Results from a Spearman correlation analysis with baseline variables and levels of P-PENK and P-NGAL are shown in Additional file 1: Table 2. Markers of renal function had moderate to strong correlations with both P-PENK and P-NGAL at baseline. P-PENK and P-NGAL were also intercorrelated. General linear model analysis showed that the biomarkers had strongest associations with eGFR (F-statistic 82.8 for P-PENK and 84.9 for P-NGAL; p < 0.001 for both) and log-normalized lactate levels at baseline (F-statistic 5.0; p = 0.03 for P-PENK and 16.4; p < 0.001 for P-NGAL). In addition, body mass index (F-statistic 6.0, p = 0.02) and alkaline phosphatase (F-statistic 5.0, p = 0.03 were independent associates of P-NGAL levels. eGFR alone accounted for 36% of the observed variance of P-PENK and 39% of P-NGAL variance.

Discussion

This multicenter cohort study is the first to investigate P-PENK and P-NGAL in cardiogenic shock of various etiologies. We describe the early kinetics of P-PENK and P-NGAL and their associations with markers of kidney function, AKI and outcomes. The main findings can be summarized as follows. Firstly, both P-PENK and P-NGAL at baseline correlated with markers of kidney function. Secondly, high baseline levels of both studied markers were associated with the development of AKI within 48 h. Thirdly, subclinical AKI at baseline was associated with increased mortality both in patients with oliguria before study enrollment as well as in patients without AKIcrea48h. Finally, although high levels of P-PENK and P-NGAL were associated with worse outcomes at all studied time points, P-PENK and P-NGAL levels at 24 h had the best discriminatory capabilities on survival. They were also associated with mortality independently of the development of AKI and two separate risk scores designed to assess the prognosis of patients in cardiogenic shock.

P-PENK and P-NGAL as predictors of AKI

Elevated levels of P-PENK and P-NGAL were both associated with the development of AKIcrea48h and had comparable discriminatory properties in AUC analysis. Interestingly, we found that AKIcrea48h occurred almost solely if oliguria (< 0.5 mL/kg/h for > 6 h) before study inclusion was combined with subclinical AKI at baseline. P-NGAL has been shown to predict AKI after cardiac surgery [21], in critically ill children [22] and adults [23] with suggested cut-offs ranging from 100 to 270 nmol/mL [24]. In a recent meta-analysis comparing plasma/serum NGAL, urine NGAL and serum cystatin C, plasma/serum NGAL was found to be the earliest marker predicting contrast-induced nephropathy [25]. Of the two markers investigated in the present study, only P-NGAL was associated with renal replacement therapy and AKI assessed by changes in cystatin C plasma concentrations, suggesting P-NGAL may be a more robust indicator of AKI and other renal outcomes. For most patients who developed AKI, it occurred very early, which makes it most likely related to the acute state of cardiogenic shock and not secondary to other events in-hospital. Thus, based on our findings, the ability to predict the occurrence and severity of AKI using biomarkers measured at presentation opens a narrow window of opportunity for targeted interventions.

Biomarker trajectories in AKI and nonsurvivors

Overall, levels of P-PENK and P-NGAL decreased from 0 to 48 h.

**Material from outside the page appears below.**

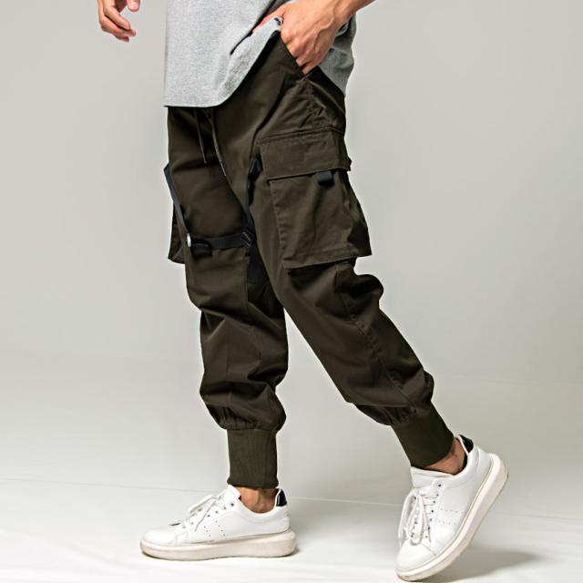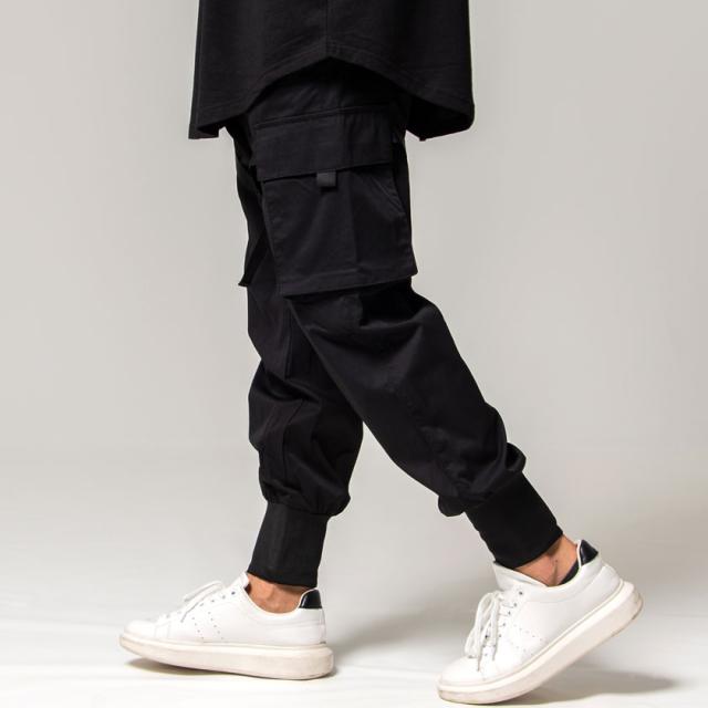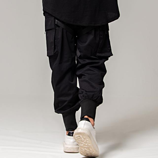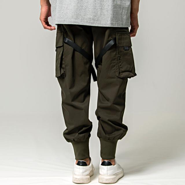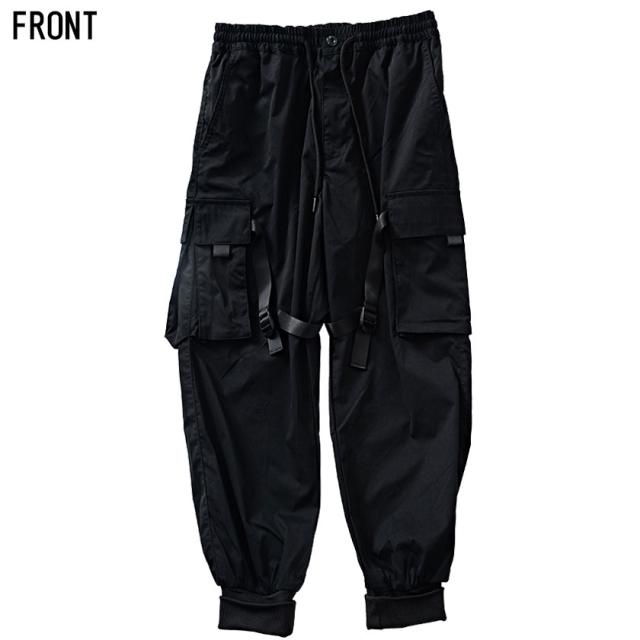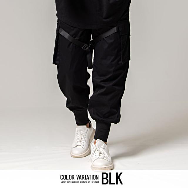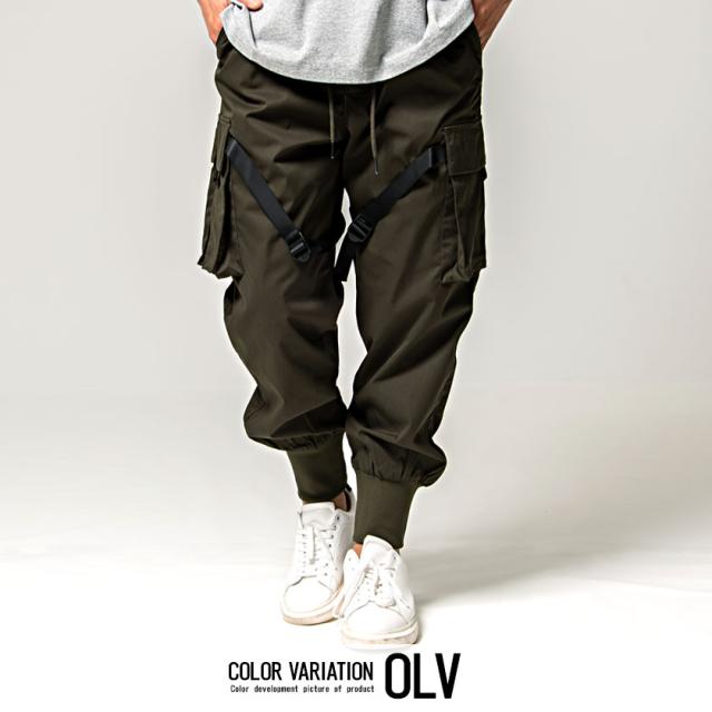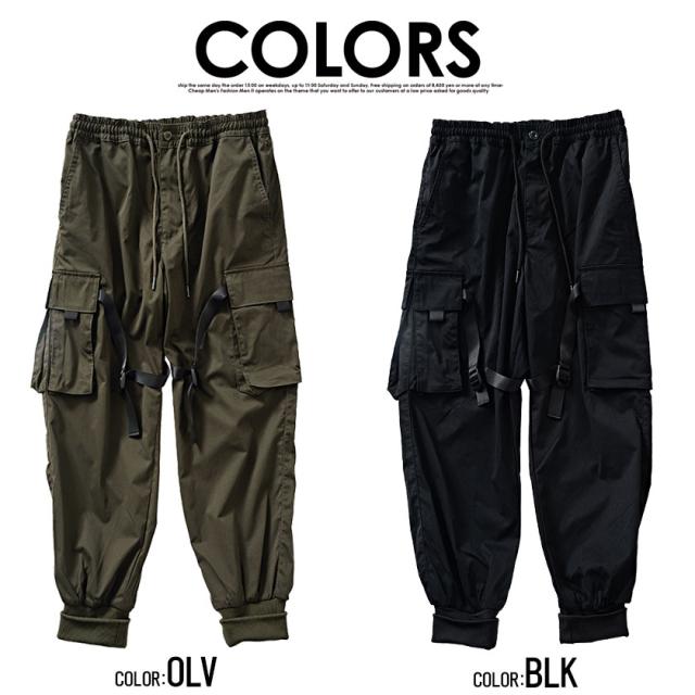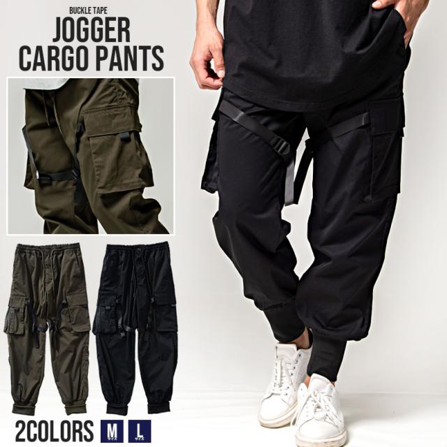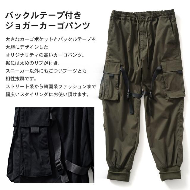 カーゴパンツ メンズ ジョガーパンツ バックルテープ付き ブラック オリーブ 黒 M L ストリート系 韓国系 ファッション ロングパンツ イージーパンツ ミリタリー M-65 M65 春 春服 夏 夏物 CavariA キャバリア配送について

In nonsurvivors and patients who developed AKI within 48 h the levels were higher at all time points for both P-PENK and P-NGAL compared to survivors and patients without AKI. While the absolute levels differed, the trajectories of P-PENK over time were similar in survivors and nonsurvivors. In contrast, for P-NGAL, the levels were increasing up to 48 h in nonsurvivors, but were stable or declined in survivors. These findings most likely represent differences in the production and kinetics of the two biomarkers. In a mouse renal ischemia–reperfusion injury model, P-NGAL expression has been shown to be upregulated in the proximal kidney tubular cells early in response to renal ischemia with a peak at 12 h post-ischemia [26], which could explain the initial increase observed for P-NGAL in nonsurvivors and patients who developed AKI and also had higher levels of lactate. P-PENK, on the other hand, is a marker of the endogenous opioid system activity, which could be higher in those with more severe clinical presentation, but be more stable over time. P-PENK could also cause a deterioration of renal function through cardiodepression [27], with high initial levels causing a more marked decline in kidney function. These pathophysiological mechanisms may be seen to be in concordance with the results of our study that patients with high levels of either P-PENK or P-NGAL were at significantly higher risk for mortality and for developing AKI within 48 h.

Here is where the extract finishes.